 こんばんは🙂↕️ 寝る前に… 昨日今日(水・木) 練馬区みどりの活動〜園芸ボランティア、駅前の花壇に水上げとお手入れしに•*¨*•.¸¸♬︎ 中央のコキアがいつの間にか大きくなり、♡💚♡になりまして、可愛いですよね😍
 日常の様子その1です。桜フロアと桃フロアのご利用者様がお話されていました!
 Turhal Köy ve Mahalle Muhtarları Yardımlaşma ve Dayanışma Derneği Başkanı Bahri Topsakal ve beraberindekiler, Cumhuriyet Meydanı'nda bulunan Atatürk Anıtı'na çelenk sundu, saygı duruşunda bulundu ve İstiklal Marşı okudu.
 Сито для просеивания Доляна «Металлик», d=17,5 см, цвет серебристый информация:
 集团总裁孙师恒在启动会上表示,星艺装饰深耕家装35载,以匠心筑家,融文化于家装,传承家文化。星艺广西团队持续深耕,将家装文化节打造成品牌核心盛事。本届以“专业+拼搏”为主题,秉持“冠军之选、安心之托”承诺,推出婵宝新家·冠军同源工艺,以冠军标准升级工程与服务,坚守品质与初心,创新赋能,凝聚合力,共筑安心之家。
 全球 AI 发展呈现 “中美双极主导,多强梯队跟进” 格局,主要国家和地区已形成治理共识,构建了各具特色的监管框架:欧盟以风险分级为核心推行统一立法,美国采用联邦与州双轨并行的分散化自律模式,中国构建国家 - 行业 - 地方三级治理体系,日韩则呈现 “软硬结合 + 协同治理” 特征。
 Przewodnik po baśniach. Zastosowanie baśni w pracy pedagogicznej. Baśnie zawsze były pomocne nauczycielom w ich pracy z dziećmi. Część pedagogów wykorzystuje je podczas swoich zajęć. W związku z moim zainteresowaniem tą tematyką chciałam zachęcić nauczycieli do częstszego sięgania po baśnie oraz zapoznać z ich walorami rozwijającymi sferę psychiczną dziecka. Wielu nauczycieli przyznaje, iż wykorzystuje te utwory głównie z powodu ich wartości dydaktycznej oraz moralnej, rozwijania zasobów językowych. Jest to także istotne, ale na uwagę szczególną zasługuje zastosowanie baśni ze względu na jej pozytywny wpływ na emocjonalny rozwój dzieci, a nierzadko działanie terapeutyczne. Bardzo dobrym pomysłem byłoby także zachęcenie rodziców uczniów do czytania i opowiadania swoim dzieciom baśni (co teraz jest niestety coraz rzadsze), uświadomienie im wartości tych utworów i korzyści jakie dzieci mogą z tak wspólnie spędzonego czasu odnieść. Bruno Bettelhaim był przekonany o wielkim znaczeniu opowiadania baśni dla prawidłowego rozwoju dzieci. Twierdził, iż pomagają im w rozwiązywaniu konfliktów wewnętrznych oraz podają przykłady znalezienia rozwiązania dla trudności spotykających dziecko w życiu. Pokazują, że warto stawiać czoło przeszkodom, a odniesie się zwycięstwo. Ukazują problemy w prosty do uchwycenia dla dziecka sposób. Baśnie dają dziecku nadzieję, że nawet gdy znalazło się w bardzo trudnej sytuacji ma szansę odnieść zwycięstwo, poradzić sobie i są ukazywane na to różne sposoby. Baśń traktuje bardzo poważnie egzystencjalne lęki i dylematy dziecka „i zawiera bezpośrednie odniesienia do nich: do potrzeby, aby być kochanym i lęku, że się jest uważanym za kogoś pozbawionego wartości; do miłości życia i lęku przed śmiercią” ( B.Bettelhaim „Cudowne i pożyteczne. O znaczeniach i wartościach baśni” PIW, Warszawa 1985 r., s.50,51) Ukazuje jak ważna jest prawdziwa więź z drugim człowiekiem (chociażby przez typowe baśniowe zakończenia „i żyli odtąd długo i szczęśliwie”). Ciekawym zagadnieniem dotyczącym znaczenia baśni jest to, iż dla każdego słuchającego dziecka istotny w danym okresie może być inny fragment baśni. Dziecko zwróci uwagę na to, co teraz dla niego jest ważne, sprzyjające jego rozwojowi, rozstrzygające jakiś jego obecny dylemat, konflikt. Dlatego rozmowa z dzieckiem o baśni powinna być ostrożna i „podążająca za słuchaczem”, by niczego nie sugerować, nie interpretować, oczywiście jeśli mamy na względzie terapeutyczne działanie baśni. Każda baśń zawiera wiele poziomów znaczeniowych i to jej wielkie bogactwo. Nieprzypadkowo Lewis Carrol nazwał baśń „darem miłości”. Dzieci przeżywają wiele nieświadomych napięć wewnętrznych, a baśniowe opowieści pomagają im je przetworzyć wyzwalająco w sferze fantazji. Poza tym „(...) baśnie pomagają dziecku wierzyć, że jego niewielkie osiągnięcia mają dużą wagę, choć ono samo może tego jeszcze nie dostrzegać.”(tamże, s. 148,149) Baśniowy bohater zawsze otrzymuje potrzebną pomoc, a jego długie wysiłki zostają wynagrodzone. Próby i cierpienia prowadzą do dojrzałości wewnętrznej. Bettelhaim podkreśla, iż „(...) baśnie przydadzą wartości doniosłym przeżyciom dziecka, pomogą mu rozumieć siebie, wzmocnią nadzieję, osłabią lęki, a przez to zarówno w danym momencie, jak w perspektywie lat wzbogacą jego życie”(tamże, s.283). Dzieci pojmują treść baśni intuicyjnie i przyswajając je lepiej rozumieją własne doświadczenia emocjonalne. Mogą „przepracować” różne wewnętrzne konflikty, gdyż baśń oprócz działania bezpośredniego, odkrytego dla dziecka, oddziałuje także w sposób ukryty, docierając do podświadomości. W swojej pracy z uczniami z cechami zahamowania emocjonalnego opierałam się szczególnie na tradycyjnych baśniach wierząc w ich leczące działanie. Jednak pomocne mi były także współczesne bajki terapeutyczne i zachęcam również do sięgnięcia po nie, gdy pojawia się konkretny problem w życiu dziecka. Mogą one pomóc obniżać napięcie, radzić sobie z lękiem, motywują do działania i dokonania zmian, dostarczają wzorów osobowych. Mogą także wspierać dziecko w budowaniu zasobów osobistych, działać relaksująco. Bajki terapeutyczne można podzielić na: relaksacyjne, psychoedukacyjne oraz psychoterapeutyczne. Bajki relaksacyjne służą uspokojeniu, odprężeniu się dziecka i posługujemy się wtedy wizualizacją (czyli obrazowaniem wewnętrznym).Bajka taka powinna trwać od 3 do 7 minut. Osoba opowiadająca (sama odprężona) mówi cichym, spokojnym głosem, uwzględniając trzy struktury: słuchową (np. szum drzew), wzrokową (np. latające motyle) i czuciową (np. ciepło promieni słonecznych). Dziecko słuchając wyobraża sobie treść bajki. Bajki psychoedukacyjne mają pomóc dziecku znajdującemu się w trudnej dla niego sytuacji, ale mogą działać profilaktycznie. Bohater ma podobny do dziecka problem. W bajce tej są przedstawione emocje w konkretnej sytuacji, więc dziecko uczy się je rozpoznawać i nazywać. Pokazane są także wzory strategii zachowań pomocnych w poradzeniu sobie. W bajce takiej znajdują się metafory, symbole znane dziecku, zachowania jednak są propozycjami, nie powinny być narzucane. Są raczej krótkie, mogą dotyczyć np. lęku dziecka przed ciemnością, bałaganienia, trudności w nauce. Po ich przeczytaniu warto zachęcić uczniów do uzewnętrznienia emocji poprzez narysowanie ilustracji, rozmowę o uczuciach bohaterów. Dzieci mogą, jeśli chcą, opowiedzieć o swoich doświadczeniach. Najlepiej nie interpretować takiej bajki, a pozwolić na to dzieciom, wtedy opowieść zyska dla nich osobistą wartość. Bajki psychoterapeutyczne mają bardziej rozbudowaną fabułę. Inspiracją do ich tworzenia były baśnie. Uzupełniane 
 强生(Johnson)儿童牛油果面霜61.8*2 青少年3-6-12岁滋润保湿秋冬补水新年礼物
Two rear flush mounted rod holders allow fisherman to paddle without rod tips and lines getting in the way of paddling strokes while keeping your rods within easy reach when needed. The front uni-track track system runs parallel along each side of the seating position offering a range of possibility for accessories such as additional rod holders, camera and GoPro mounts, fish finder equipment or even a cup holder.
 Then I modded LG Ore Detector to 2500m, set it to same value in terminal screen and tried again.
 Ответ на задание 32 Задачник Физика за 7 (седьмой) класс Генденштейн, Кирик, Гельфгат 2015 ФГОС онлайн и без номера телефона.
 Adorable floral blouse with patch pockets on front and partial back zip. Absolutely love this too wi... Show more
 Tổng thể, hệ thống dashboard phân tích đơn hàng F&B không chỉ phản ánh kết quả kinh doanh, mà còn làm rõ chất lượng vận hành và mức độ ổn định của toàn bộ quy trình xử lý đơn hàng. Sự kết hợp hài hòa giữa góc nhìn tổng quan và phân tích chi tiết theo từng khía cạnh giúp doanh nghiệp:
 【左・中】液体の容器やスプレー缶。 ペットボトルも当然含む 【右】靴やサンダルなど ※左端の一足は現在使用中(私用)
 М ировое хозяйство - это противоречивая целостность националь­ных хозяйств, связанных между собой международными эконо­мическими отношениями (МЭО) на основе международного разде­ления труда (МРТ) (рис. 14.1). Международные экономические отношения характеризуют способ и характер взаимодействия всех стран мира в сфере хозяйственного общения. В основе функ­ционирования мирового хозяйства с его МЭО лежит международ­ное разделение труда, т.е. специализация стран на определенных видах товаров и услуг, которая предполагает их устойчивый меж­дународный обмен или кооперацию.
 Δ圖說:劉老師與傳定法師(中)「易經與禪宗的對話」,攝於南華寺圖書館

§ WHAT TO WORK ON
Out of the records above, pull each line containing the word "front".

§ OUTPUT OF THE EXERCISE
Two rear flush mounted rod holders allow fisherman to paddle without rod tips and lines getting in the way of paddling strokes while keeping your rods within easy reach when needed. The front uni-track track system runs parallel along each side of the seating position offering a range of possibility for accessories such as additional rod holders, camera and GoPro mounts, fish finder equipment or even a cup holder.
 Adorable floral blouse with patch pockets on front and partial back zip. Absolutely love this too wi... Show more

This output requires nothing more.